For the \(k\)-th number, we all should be very familiar with it. Of course,to kiki it is also simple. Now Kiki meets a very similar problem, kiki wants to design a container, the container is to support the three operations.

Push: Push a given element \(e\) to container

Pop: Pop element of a given \(e\) from container

Query: Given two elements \(a\) and \(k\), query the \(k\)th larger number which greater than \(a\) in container;

Although Kiki is very intelligent, she can not think of how to do it, can you help her to solve this problem?

Input

Input some groups of test data ,each test data the first number is an integer \(m (1\le m <100000)\), means that the number of operation to do. The next m lines, each line will be an integer p at the beginning, p which has three values:

If \(p\) is \(0\), then there will be an integer \(e (0 <e <100000)\), means press element \(e\) into Container.
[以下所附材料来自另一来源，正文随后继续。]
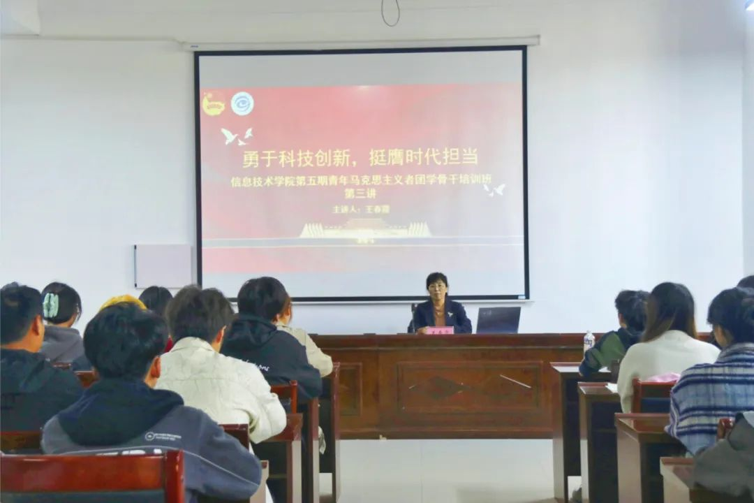 王春霞院长以“勇于科技创新,挺膺时代担当”为主题,从专业学习和个人成长展开培训,鼓励同学们要肩负时代使命,确立高远志向,夯实专业知识,把握发展契机,以科技创新锚定科技强国战略目标,将个人成长主动融入国家发展大局,努力成长为德智体美劳全面发展的社会主义建设者和接班人。

If \(p\) is \(1\), then there will be an integer \(e (0 <e <100000)\), indicated that delete the element \(e\) from the container.

If \(p\) is \(2\), then there will be two integers \(a\) and \(k (0 <a <100000, 0 <k <10000)\),means the inquiries, the element is greater than \(a\), and the \(k\)-th larger number.

Output

For each deletion, if you want to delete the element which does not exist, the output “No Elment!”. For each query, output the suitable answers in line. If the number does not exist, the output “Not Find!”.

Sample Input

5
0 5
1 2
0 6
2 3 2
2 8 1
7
0 2
0 2
0 4
2 1 1
2 1 2
2 1 3
2 1 4

Sample Output

No Elment!
6
Not Find!
2
2
4
Not Find!

Source

2009 Multi-University Training Contest 4 – Host by HDU

题意

有一个空的容器。\(\tt 0 e\)表示往这个容器里放入一个元素\(e\);\(\tt 1 e\)表示从这个容器里删除一个元素\(e\),如果这个元素不存在,输出No Elment!;\(\tt 2 a k\)表示查询这个容器中比\(a\)大的第\(k\)个数,如果这个数不存在,输出Not Find!

多组数据。

题解:

这个题\(100000\)的数据范围是可以用$O(n\log^2 n)$通过的。但是有些毒瘤出题人就喜欢卡两个\(\log\)。

两个\(\log\)做法

直接二分,每次用ask()函数求出前缀共有多少个元素。时间复杂度为\(O(n\log^2 n)\)。

一个\(\log\)做法

用一种叫做Binary Lifting的算法。这种做法来自于CF的一篇博客[Tutorial] by sdnr1,是一种在树状数组上二分的好方法。

如果要求比\(a\)大的第\(k\)个数,等价于求整个容器中第\(cnt[a]+k\)小的数。\(cnt[a]\)表示不超过\(a\)的元素数量个数。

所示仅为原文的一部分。